C’est une tournée qu’il faudra repousser.

et j’en passe…

Et donc autant de livres qui ne verront pas le jour, de productions qui seront fragilisées, de renoncements esthétiques, de carrières empêchées, de chômage prolongé, et surtout – surtout – et c’est là le paradoxe, autant d’occasions pour des entreprises culturelles de générer du rendement autour de leurs projets.

On vous l’a assez dit, mais il semble bon de vous le rappeler : chaque franc investi dans une subvention en rapporte davantage à la collectivité.

C’est vraiment regrettable pour ne pas dire IGNARE de vous priver, de priver nos citoyens de cette manne indirecte.

Le voilà, votre projet de société, Mesdames et Messieurs de la droite évasée :

AUJOURD'HUI: suppressions pures et simples de certaines manifestations culturelles ET QUOI DEMAIN ?

AUJOURD'HUI: mise en danger de la diversité de notre scène locale ET QUOI DEMAIN ?

AUJOURD'HUI: offres culturelles et accès à la culture réduits ET QUOI DEMAIN ?

AUJOURD'HUI: restrictions dans l'édition et la publication ET QUOI DEMAIN ?

AUJOURD'HUI: frein à la promotion d'auteurs, de chorégraphes, de metteurs en scène, de musiciens, et de tous nos talents émergents ET QUOI DEMAIN ?

AUJOURD'HUI: pertes d'emploi dans de nombreux secteurs ET QUOI DEMAIN ?

Demain, et dans un an, et les ans qui suivront vous continuerez cette destruction têtue de tout ce qui peut constituer une politique cohérente en matière de lien social, d'intégration, d'égalité, de solidarité, de lutte contre l’exclusion.

Vous vous acharnerez de manière forcenée à vous en prendre à tout ce qui élève l'humain. Oui ! votre projet de société est de mener une politique de castes.

Il y a quelques semaines, Mesdames et Messieurs de la droite boursoufflée, vous faisiez vos sucrées pour quelques coups de peinture sur des vitrines, mais aujourd'hui vous vous comportez comme des vandales.

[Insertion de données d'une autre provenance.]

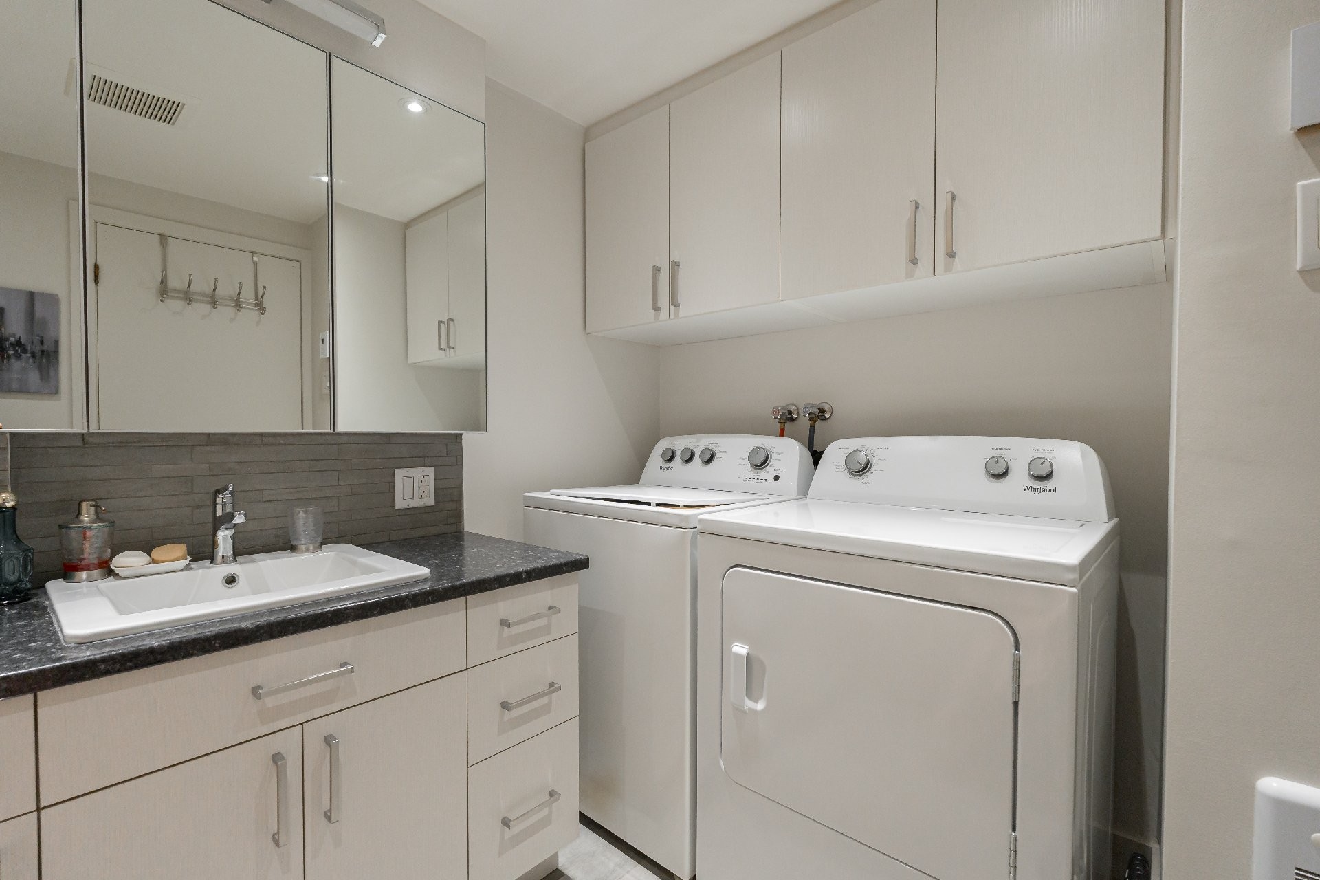 laveuse, sécheuse, lave-vaisselle, luminaires, rideaux et tringles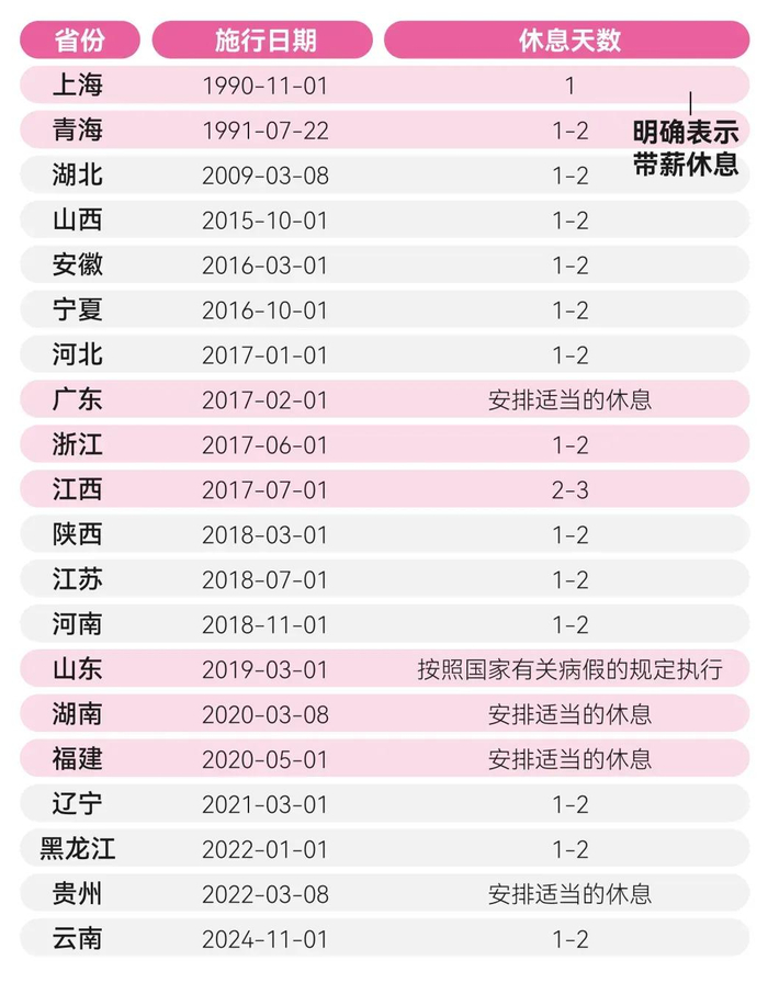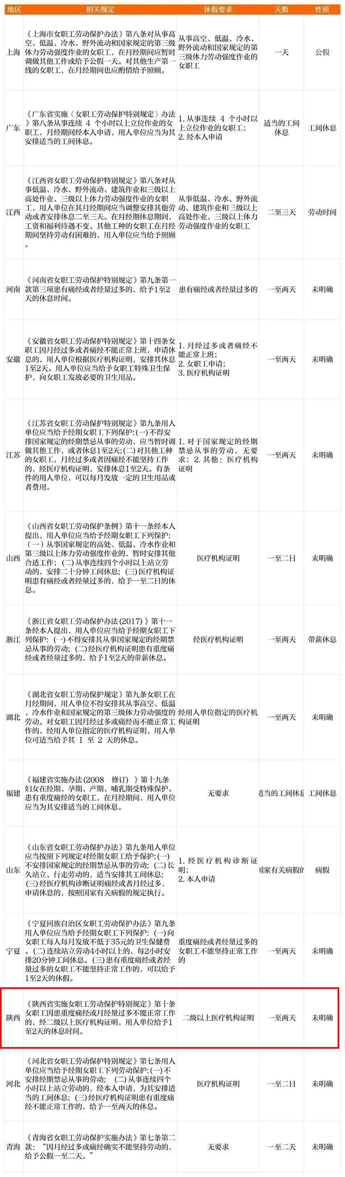 据不完全统计,目前,全国已有包括北京、上海、山东、广东、浙江、云南等约20个省市,在地方性规定中明确了女性劳动者的这一权益,休息时间普遍在1~2天,最多的是3天。

Oui, Mesdames et Messieurs de la droite superprotéinée, votre projet de société est un projet de vandales ; vous vous en prenez à toutes ces personnes déjà précarisées, pour les exclure un peu plus.

Vous ne voulez pas d'assistés ? Mais vous les créez !

Vous fustigez les chômeurs ? Mais vous détruisez les emplois !

Vous déplorez qu’il y ait trop de bénéficiaires de l'Hospice ? Mais vous leur ouvrez la porte !

Voilà pourquoi votre projet de société est petit, cynique, glacial et triste.

Quand il voyait que l'on coupait dans le budget des arts au nom de l'effort de guerre, Winston Churchill demandait : pourquoi alors nous battons-nous ? Oui, pourquoi ? Quel est votre projet de société, Mesdames et Messieurs de la droite élastique ?

Nous ne sommes pas en guerre, Mesdames et Messieurs de la droite empâtée, ne la déclarez pas à la population, ne vous trompez pas de cible, et renoncez à ces coupes ravageuses.